Just wondering if anyone has any reccomendations on a top game that they played over the last year that I might have missed out on! Looking at the 360.. personal choices would have to be Mass Effect 2 and Cod2.. haven't really got into any others so I'm sure there are a few Im missing out on!!


----------



## Deano (Jul 7, 2006)

modern warefare 2

forza 3

prey (an oldie but a goodie)


----------



## jason2_uk (Apr 8, 2010)

yeah forza 3 is one I'm def gonna pick up soon enough, had the 2nd one and it was a great game! hopefully it'll drop in price soon enough, its been out a good while now lol


----------



## Lloyd71 (Aug 21, 2008)

The obvious:

Heavy Rain [PS3]
Forza 3 [360]
MW2 [360]

The less obvious:

The Saboteur [360]
Borderlands [360]

Borderlands is one of the best games I've ever played, it's so addictive in every way that I found myself playing it into the early hours every morning.
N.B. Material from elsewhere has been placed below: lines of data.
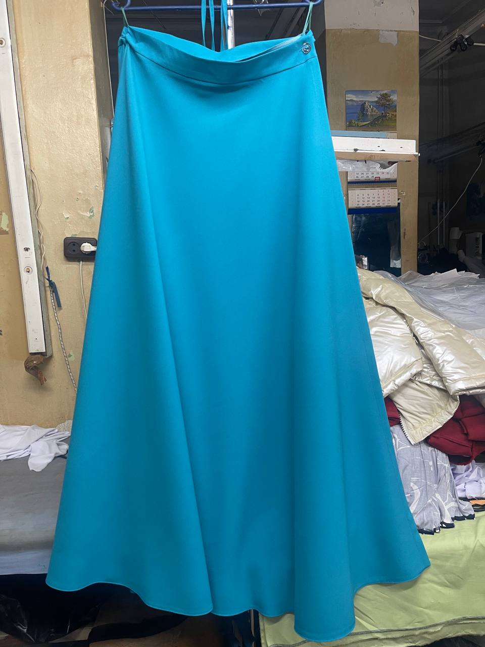Юбка фасона полусолнце с запАхом. застежка на одну декоративную пуговицу и две внутри юбки.
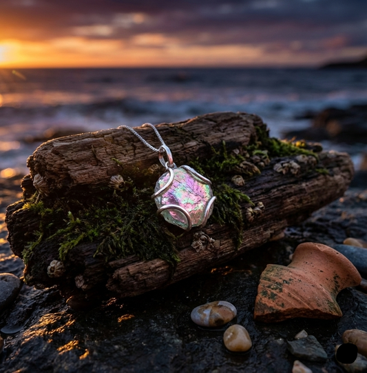 Ancient Roman Glass Necklace - Sterling Silver Oxidized Wire Set Pendant
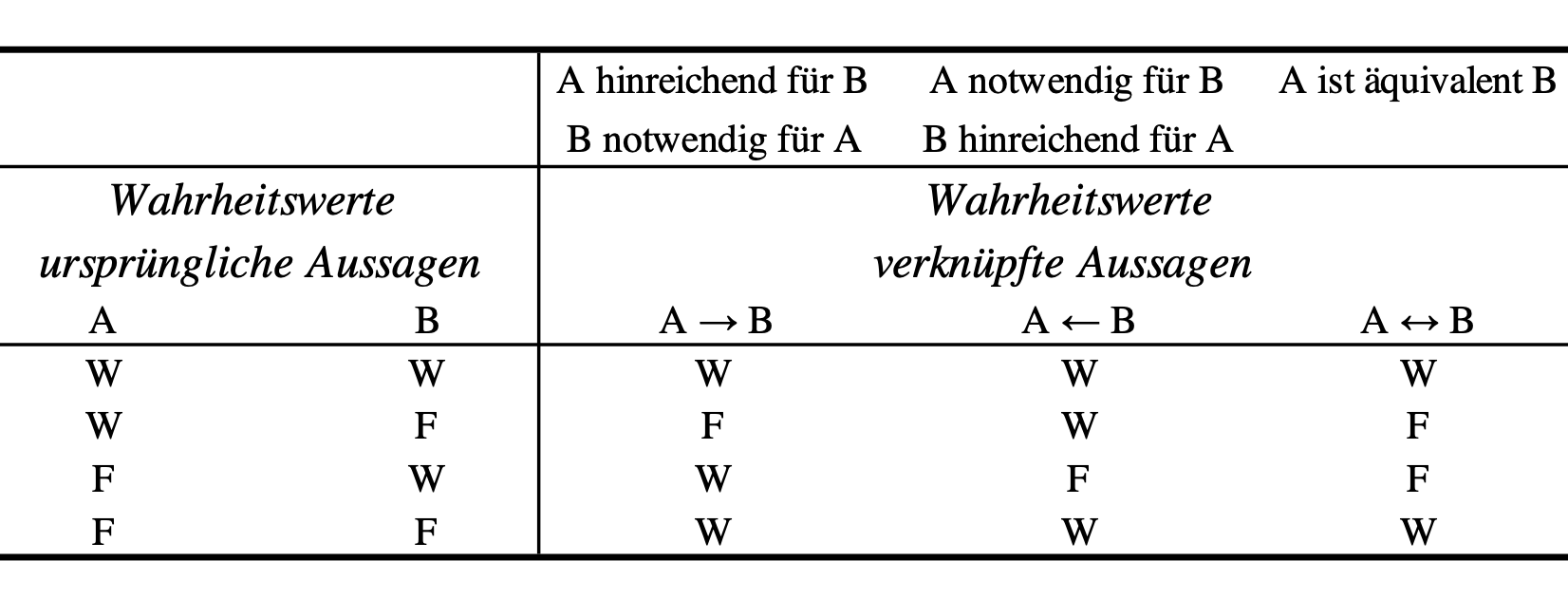 “Liegt eine Äquivalenz \(A \leftrightarrow B\) vor, ist \(A\) hinreichend und notwendig für \(B\), und \(B\) ist hinreichend und notwendig für \(A\).” (Westermann, 2000, S. 75)
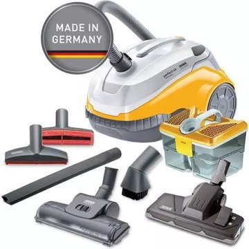 TECHNOLOGIE AQUA BOX: L’air pollué, les poils d’animaux et les saletés aspirés sont humidifiés et propulsés dans un bain d’eau qui les retient définitivement. L’air sortant a été filtré lors de sa circulation dans l’appareil et s’est chargé de particules d’eau. Il est expulsé au travers un filtre HEPA 13 renforcé d’un filtre anti-odeur à charbon actif. Ensuite il n’y a plus qu’à simplement vidé l’eau sale contenu dans la cuve. Tous les éléments ainsi aspirés sont définitivement et proprement éliminés.
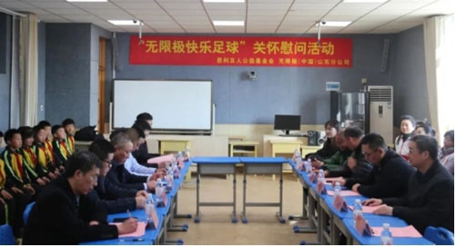 宋晓飞经理向大家介绍了公司的基本情况以及从事公益事业的历程,并表示希望通过“无限极快乐足球”项目帮助更多孩子,让他们自由快乐的学习、成长,为他们的足球梦想插上飞翔的翅膀。今后将继续关心和支持青少年足球事业发展,为打造浓厚足球氛围贡献力量。
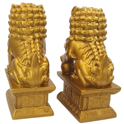 Les Grandes Statues Fu Dogs dorés Feng Shui, puissants gardiens et protecteur des lieux, symbole de respect et de fortune.
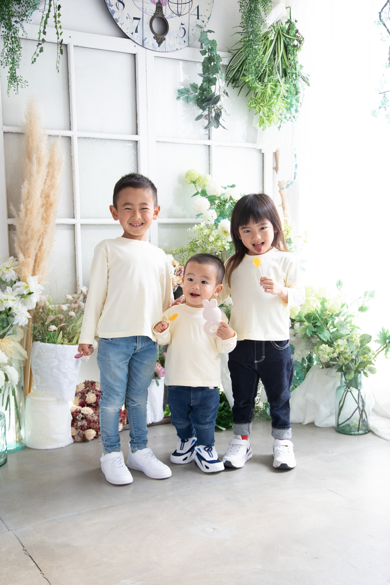 2023年05月23日(火) フォトギャラリー < フォトスタジオ < サービス案内 卒園&入学おめでとう 卒園証書とランドセルを持ってビシッと決まった新一年生さんがスタジオに来てくれました。 弟くんが元気いっぱいで、なかなか3人きょうだいの写真を撮らせてくれなかったけど 「このままの姿を撮ってくれたら良いから!」 と、パパママから応援していただき沢山撮影させていただきました。 元気いっぱいの3人に再会できる日を楽しみにしてまーす また来てねー
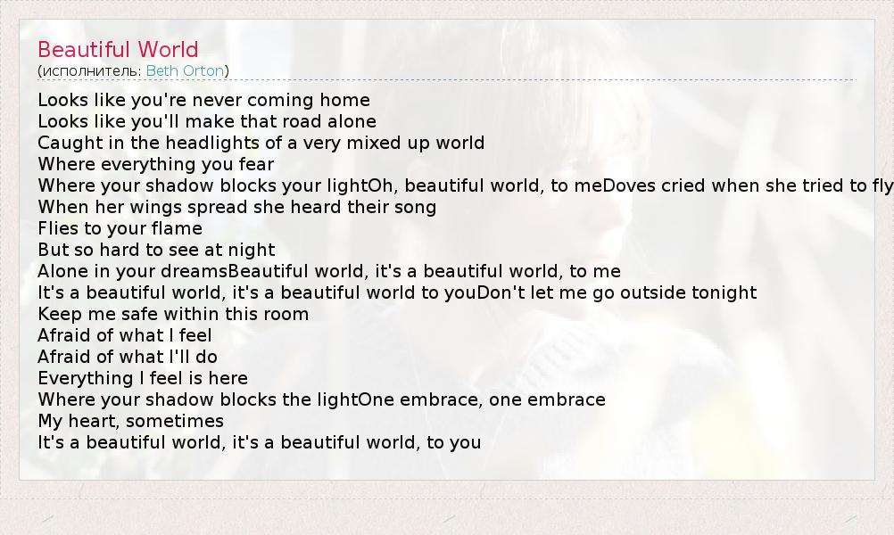 Looks like you're never coming home Looks like you'll make that road alone Caught in the headlights of a very mixed up world Where everything you fear Where your shadow blocks your lightOh, beautiful world, to meDoves cried when she tried to fly When her wings spread she heard their song Flies to your flame But so hard to see at night Alone in your dreamsBeautiful world, it's a beautiful world, to me It's a beautiful world, it's a beautiful world to youDon't let me go outside tonight Keep me safe within this room Afraid of what I feel Afraid of what I'll do Everything I feel is here Where your shadow blocks the lightOne embrace, one embrace My heart, sometimes It's a beautiful world, it's a beautiful world, to you
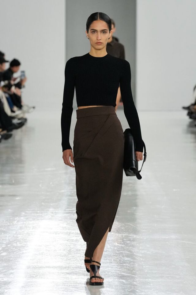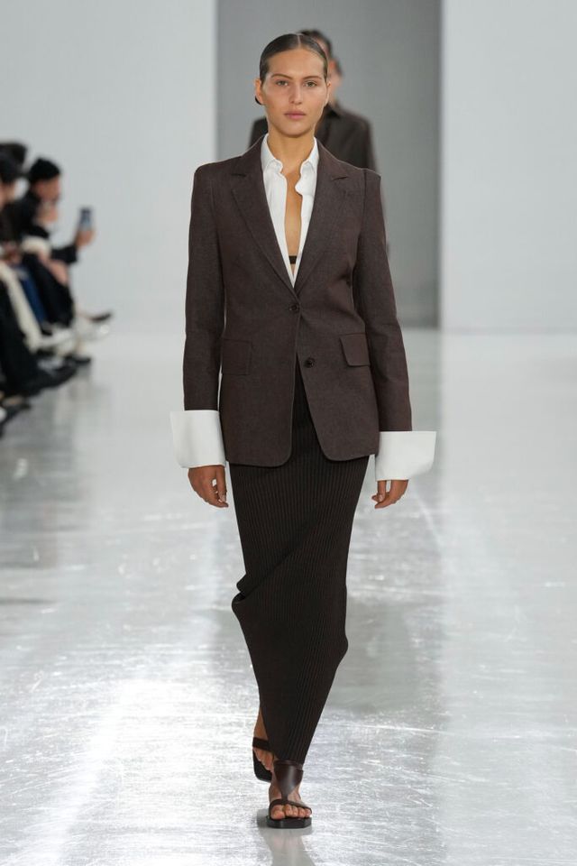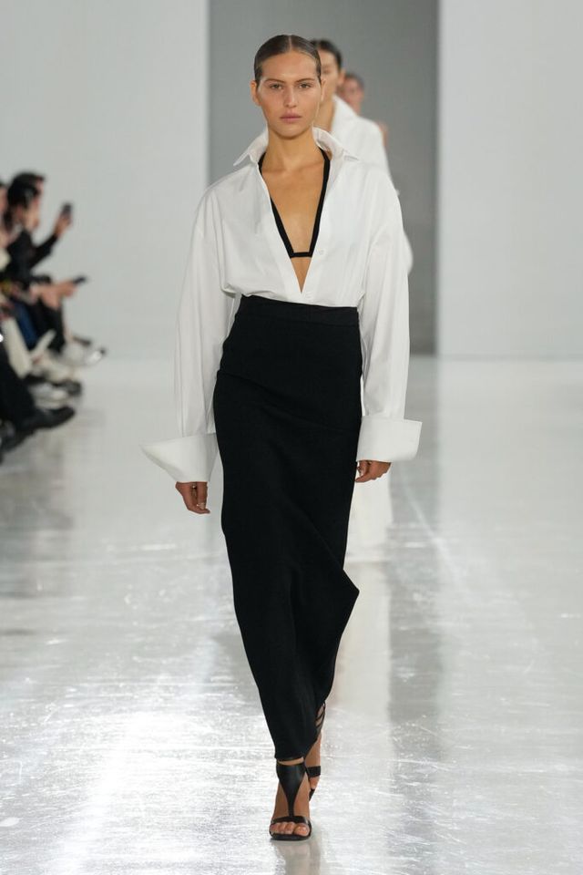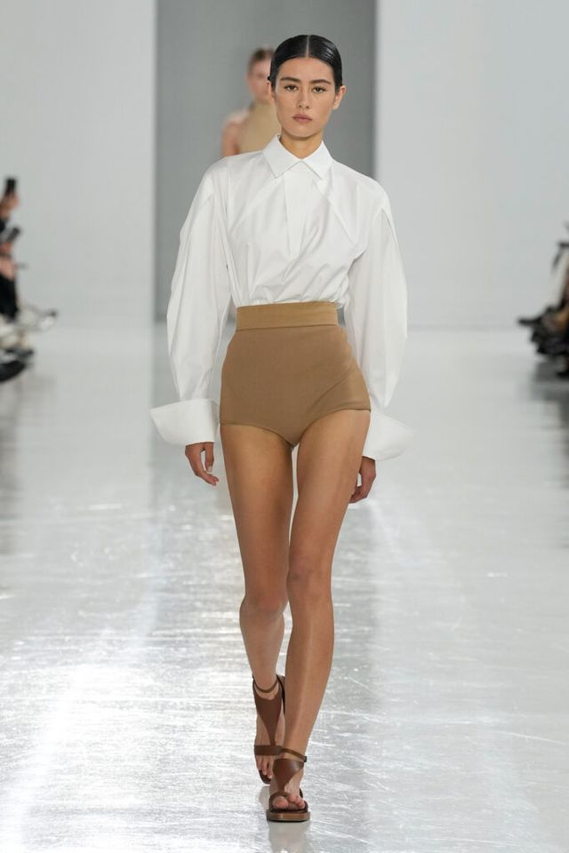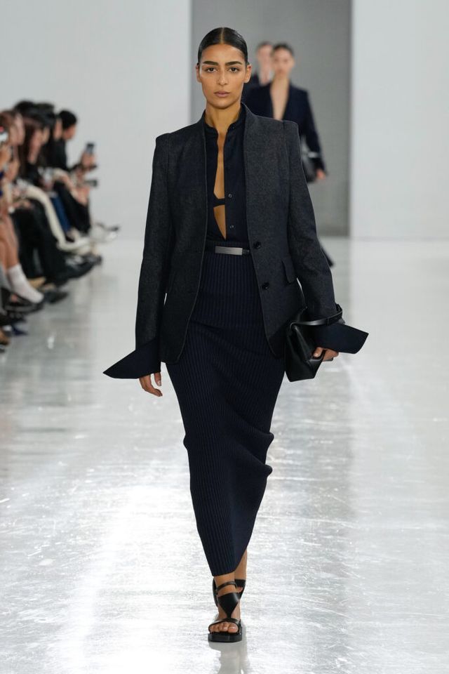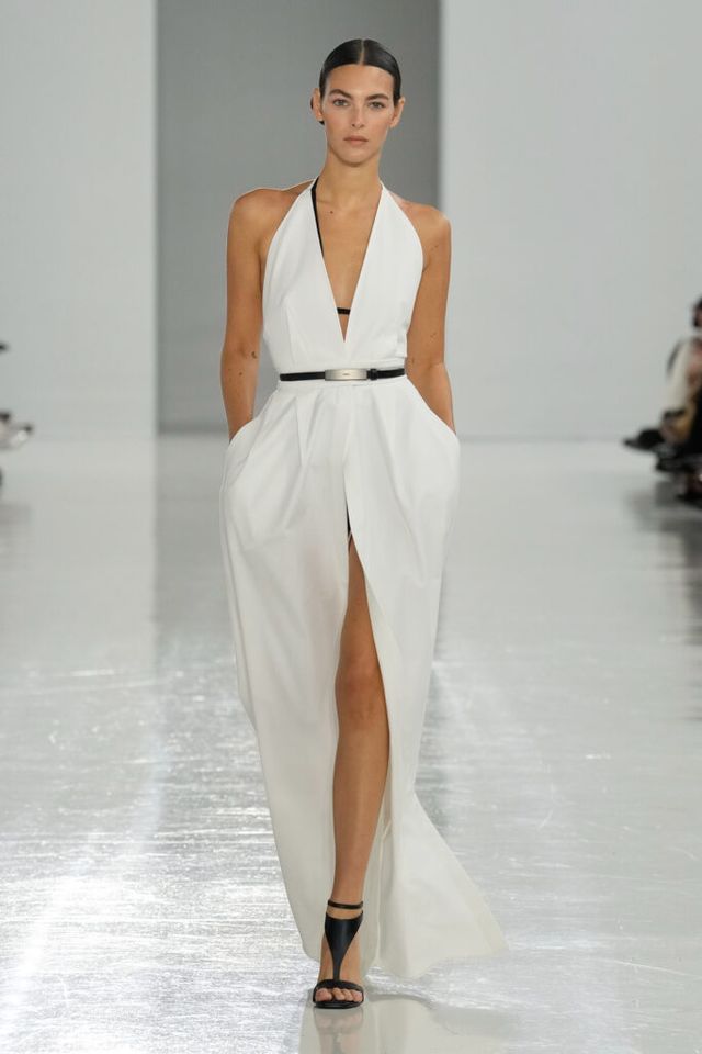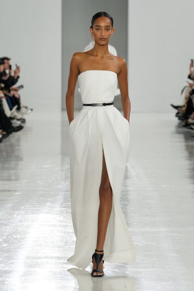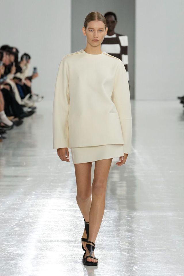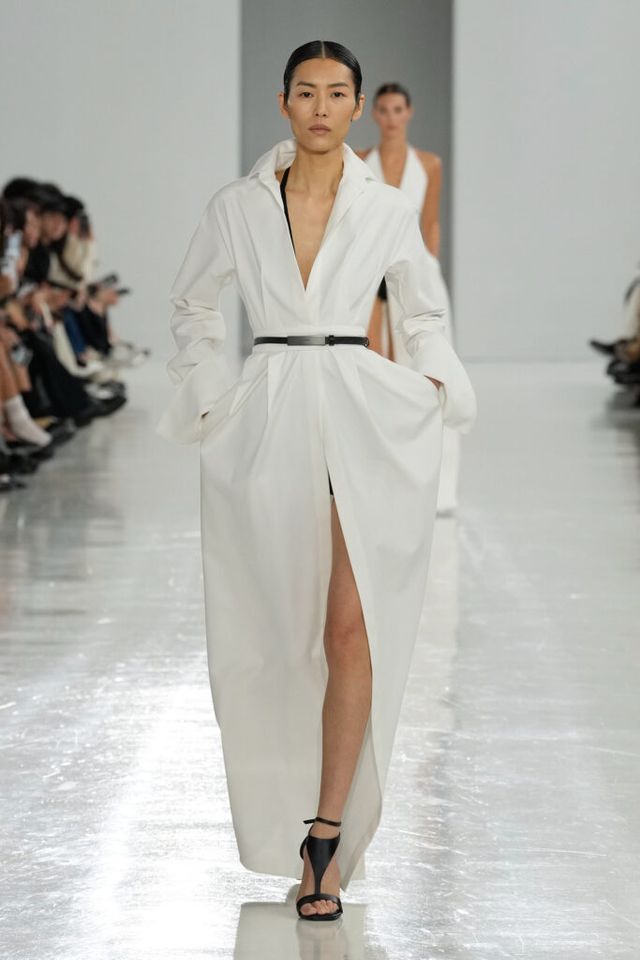 NOTE 역사 속 선구적 여성들을 조명해온 막스마라는 이번 시즌 4세기의 수학자이자 철학자 히파티아(Hypatia)에게 영감 받은 ‘과학과 마법(Science and Magic)’ 컬렉션을 공개했다. 그의 수학 연구 속 삼각방정식을 입체적 다트(dart) 디테일로 컬렉션에 녹여내고, 과학 실험실을 떠올리며 크리스털 화이트, 델피니움 블루, 질산염 실버 같은 컬러 팔레트를 적용해 막스마라의 ‘콰이어트’ 위트를 느낄 수 있었다.

Add a friend for the co-op story mode and it's even better.


----------



## Mini 360 (Jul 17, 2009)

Forza 3

COD MW:2 (Until it became crap)

Fave was Battlefield Bad Company 2. So realistic and immersive. Brilliant game!


----------



## macca5050 (May 17, 2008)

Forza 3, Assassins Creed 2 was also very good


----------



## HC1001 (May 27, 2007)

Mini 360 said:


> Fave was Battlefield Bad Company 2. So realistic and immersive. Brilliant game!


Agreed, still up to early hours playing at weekends..........:thumb:


----------



## lpoolck (Jul 25, 2009)

Uncharted 2 (PS3)


----------



## LiveWire88 (Sep 5, 2009)

Mw2 :d


----------



## Mike_182 (Mar 22, 2007)

Crysis and Crysis Warhead for those of us who play FPS' where they're meant to be played!


----------



## remal (Dec 10, 2007)

Loving BF2 at the moment. enjoyed MW2 but the game I enjoyed the most was Batman arkham asylum. A great game

Ow and enjoying Forza 3


----------



## Maggi200 (Aug 21, 2009)

Forza 3 and the ballard of gay tony are both excellent. At the moment though (when im not revising or working ) I'm into assassins creed 2. Brings a lot over the first


----------



## BAXRY (Aug 11, 2009)

the new assassins creed i would have to say


----------



## dogs_basket (Aug 28, 2007)

remal said:


> Loving BF2 at the moment. enjoyed MW2 but the game I enjoyed the most was Batman arkham asylum. A great game


BF2 most for multiplayer. MW2 was good but prefer team element of BF2.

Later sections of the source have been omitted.